EXERCISE DESCRIPTION
Would you transcribe the line that holds "着陸態勢に入った機窓から見え", plus every line beneath it through the end of the data, exactly and with nothing added?

Collected data
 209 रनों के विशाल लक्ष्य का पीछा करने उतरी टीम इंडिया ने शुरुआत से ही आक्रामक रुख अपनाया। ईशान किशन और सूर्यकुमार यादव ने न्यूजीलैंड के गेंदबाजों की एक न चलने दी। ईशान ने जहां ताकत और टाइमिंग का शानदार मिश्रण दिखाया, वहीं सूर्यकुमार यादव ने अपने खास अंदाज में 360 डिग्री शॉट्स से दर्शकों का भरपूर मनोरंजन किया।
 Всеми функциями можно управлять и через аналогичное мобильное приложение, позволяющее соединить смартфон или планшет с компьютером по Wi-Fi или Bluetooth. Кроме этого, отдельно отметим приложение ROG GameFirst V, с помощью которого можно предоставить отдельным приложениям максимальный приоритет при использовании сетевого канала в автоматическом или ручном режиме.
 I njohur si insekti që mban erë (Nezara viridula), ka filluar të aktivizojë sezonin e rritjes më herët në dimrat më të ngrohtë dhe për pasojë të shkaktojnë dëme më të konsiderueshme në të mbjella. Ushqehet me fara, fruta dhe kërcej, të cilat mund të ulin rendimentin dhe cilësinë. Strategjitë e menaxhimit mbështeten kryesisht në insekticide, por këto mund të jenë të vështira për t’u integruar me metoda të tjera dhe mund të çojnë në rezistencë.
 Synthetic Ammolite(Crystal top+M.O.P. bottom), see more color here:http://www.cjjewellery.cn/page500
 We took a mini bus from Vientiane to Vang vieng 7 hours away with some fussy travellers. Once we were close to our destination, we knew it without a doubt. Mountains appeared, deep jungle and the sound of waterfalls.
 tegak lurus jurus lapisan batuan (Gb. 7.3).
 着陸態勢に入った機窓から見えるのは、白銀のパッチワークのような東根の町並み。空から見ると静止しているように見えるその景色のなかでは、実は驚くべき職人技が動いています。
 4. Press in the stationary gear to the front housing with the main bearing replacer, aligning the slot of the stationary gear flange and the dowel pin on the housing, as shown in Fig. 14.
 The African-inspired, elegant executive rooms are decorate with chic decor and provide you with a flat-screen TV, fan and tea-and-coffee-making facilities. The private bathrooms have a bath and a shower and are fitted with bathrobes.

REPLY
 着陸態勢に入った機窓から見えるのは、白銀のパッチワークのような東根の町並み。空から見ると静止しているように見えるその景色のなかでは、実は驚くべき職人技が動いています。
 4. Press in the stationary gear to the front housing with the main bearing replacer, aligning the slot of the stationary gear flange and the dowel pin on the housing, as shown in Fig. 14.
 The African-inspired, elegant executive rooms are decorate with chic decor and provide you with a flat-screen TV, fan and tea-and-coffee-making facilities. The private bathrooms have a bath and a shower and are fitted with bathrobes.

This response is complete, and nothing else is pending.